Work order: A faithful copy of the data is the goal; set it down exactly, without the images.

Source material:

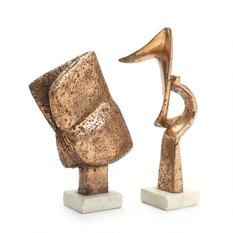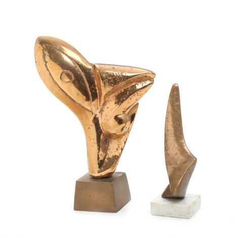 Knud Erik Christensen: "Avis" og uden titel. Usignerede. Bronze. H. 17 og 20 cm. (2)
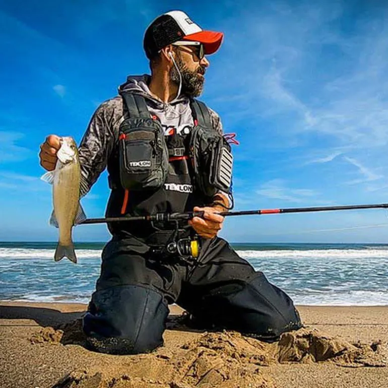 Munis d’une poche arrière idéale pour les grandes boîtes et accessoires. Il comprend di-fférentes boucles pour accrocher des accessoi-res, et un rétractor pour l’épuisette ou pour y accrocher le gilet lorsqu’il n’est pas utilisé.
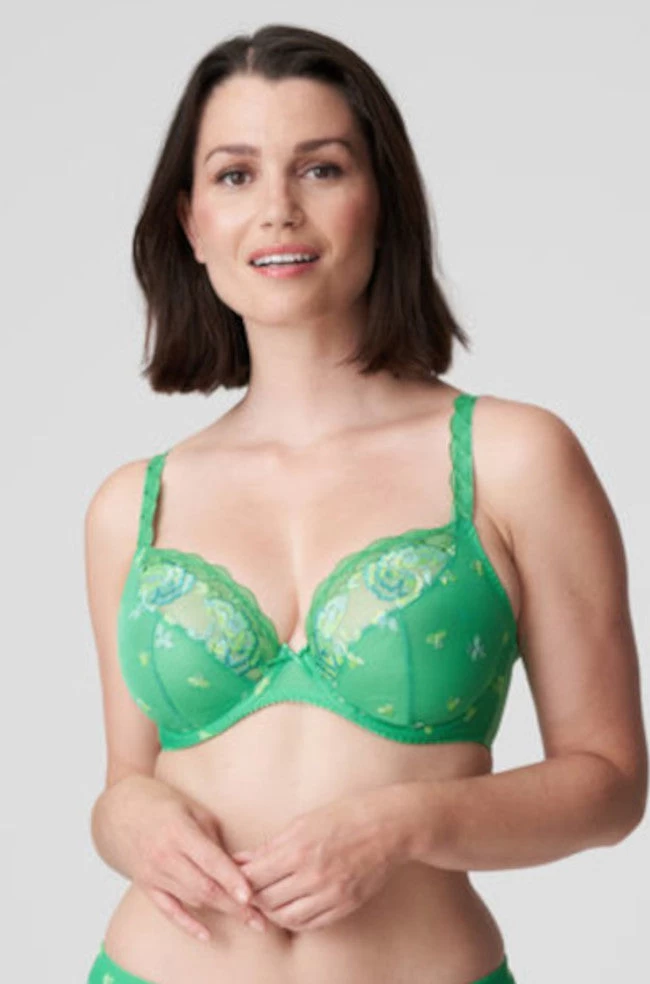 Palace Garden UW Plunge Bra by PrimaDonna in a lovely lush green colour features delicate lace detail and petite piping with very comfortable ornate fully adjustable straps. Team with the
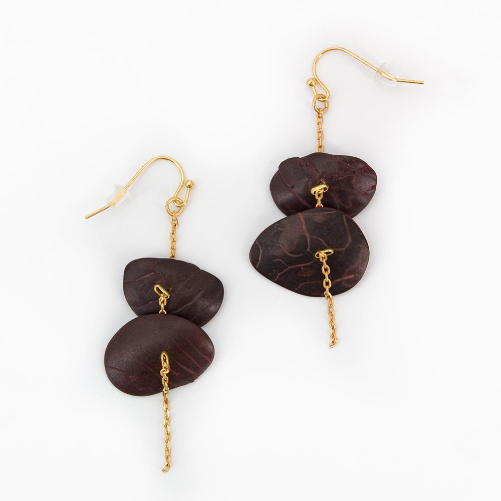 Orecchini pendenti con due sottili pezzi di tagua su una sottile catenina dorata. Chiusura con gancio in metallo placcato oro anallergico. Dimensione: 5 cm

Answer box:
 Knud Erik Christensen: "Avis" og uden titel. Usignerede. Bronze. H. 17 og 20 cm. (2)
 Munis d’une poche arrière idéale pour les grandes boîtes et accessoires. Il comprend di-fférentes boucles pour accrocher des accessoi-res, et un rétractor pour l’épuisette ou pour y accrocher le gilet lorsqu’il n’est pas utilisé.
 Palace Garden UW Plunge Bra by PrimaDonna in a lovely lush green colour features delicate lace detail and petite piping with very comfortable ornate fully adjustable straps. Team with the
 Orecchini pendenti con due sottili pezzi di tagua su una sottile catenina dorata. Chiusura con gancio in metallo placcato oro anallergico. Dimensione: 5 cm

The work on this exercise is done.